NYT: "Large Volumne of F.B.I. Files Alarms U.S. Activist Groups" (Eric Lichtblau)


The Federal Bureau of Investigation has collected at least 3,500 pages of internal documents in the last several years on a handful of civil rights and antiwar protest groups in what the groups charge is an attempt to stifle political opposition to the Bush administration.
The F.B.I. has in its files 1,173 pages of internal documents on the American Civil Liberties Union, the leading critic of the Bush administration's antiterrorism policies, and 2,383 pages on Greenpeace, an environmental group that has led acts of civil disobedience in protest over the administration's policies, the Justice Department disclosed in a court filing this month in a federal court in Washington.
The filing came as part of a lawsuit under the Freedom of Information Act brought by the A.C.L.U. and other groups that maintain that the F.B.I. has engaged in a pattern of political surveillance against critics of the Bush administration. A smaller batch of documents already turned over by the government sheds light on the interest of F.B.I. counterterrorism officials in protests surrounding the Iraq war and last year's Republican National Convention.


The above is from Eric Lichtblau's "Large Volume of F.B.I. Files Alarms U.S. Activist Groups" in this morning's New York Times.


Also from the article:

Leslie Cagan, the national coordinator for United for Peace and Justice, a coalition of more than 1,000 antiwar groups, said she was particularly concerned that the F.B.I.'s counterterrorism division was discussing the coalition's operations. "We always assumed the F.B.I. was monitoring us, but to see the counterterrorism people looking at us like this is pretty jarring," she said.
At Greenpeace, which has protested both the Bush administration's environmental record and its policies in Iraq, John Passacantando, executive director of the group's United States operation, said he too was troubled by what he had learned.
"If the F.B.I. has taken the time to gather 2,400 pages of information on an organization that has a perfect record of peaceful activity for 34 years, it suggests they're just attempting to stifle the voices of their critics," Mr. Passacantando said.

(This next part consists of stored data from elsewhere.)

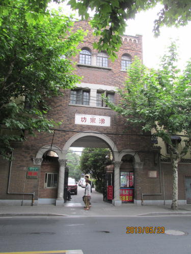 石庫門住宅は旧上海の路地住宅の典型的な様式です。土地を無駄なく使うため、限られた面積により多くの人を収容し、また中国人に受け入れやすいように、住宅建設では西洋人から「長屋」と呼ばれる建築方式を採用しました。この住宅の入り口には石で造られた門があったので石庫門住宅と呼ばれました。湧泉坊は静安寺近くの愚園路にある高級石庫門住宅です。1936年に建てられた3階建て、スペイン様式の石庫門住宅です。屋根の形、窓の形、ドアの形、ベランダの形が変化に富んでいて円柱の彫刻も精微です。上海市より優秀歴史建築に認定されています。中は庶民の生活の場です。家の中まで覗き込まないようにして下さい。
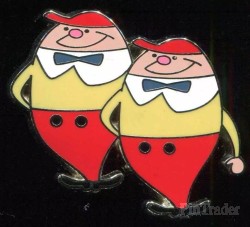 | This is Tweedledum & Tweedledee from the Alice in Wonderland mystery set, based on Mary Blair's concept art. They are dressed alike in red caps, red pants, and yellow shirts with white collars and blue bow ties. They face slightly left with their hands behind their backs. Two pins per box. |
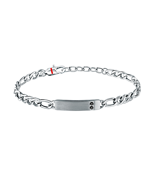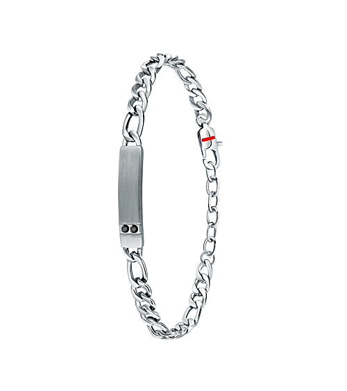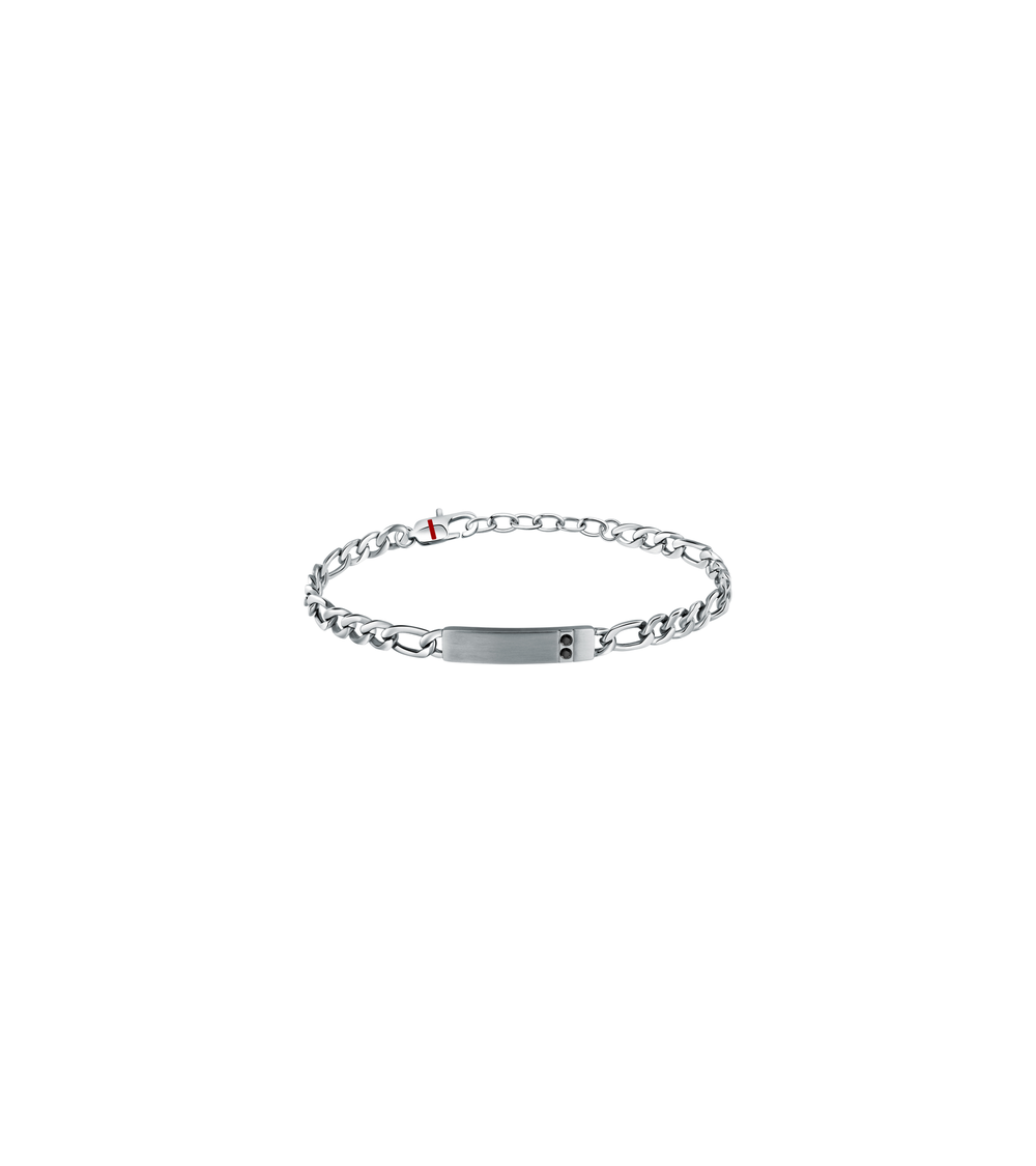 PULSERA ESCLAVA UNISEX ESLABONES Y CHAPA ACERO MATE CON PIEDRA NEGRA.

Life in the Bully Boy's America. (Trust me, you don't want a longer opinion of my disgust over the above topic -- topic, not article. It's an important article.) I will say again that due to the way things are going, it would be a public service if The Nation and The Progressive would make available online their coverage of the Church and Pike Committees. And note that we've returned to bold for quotes as most members seem to favor.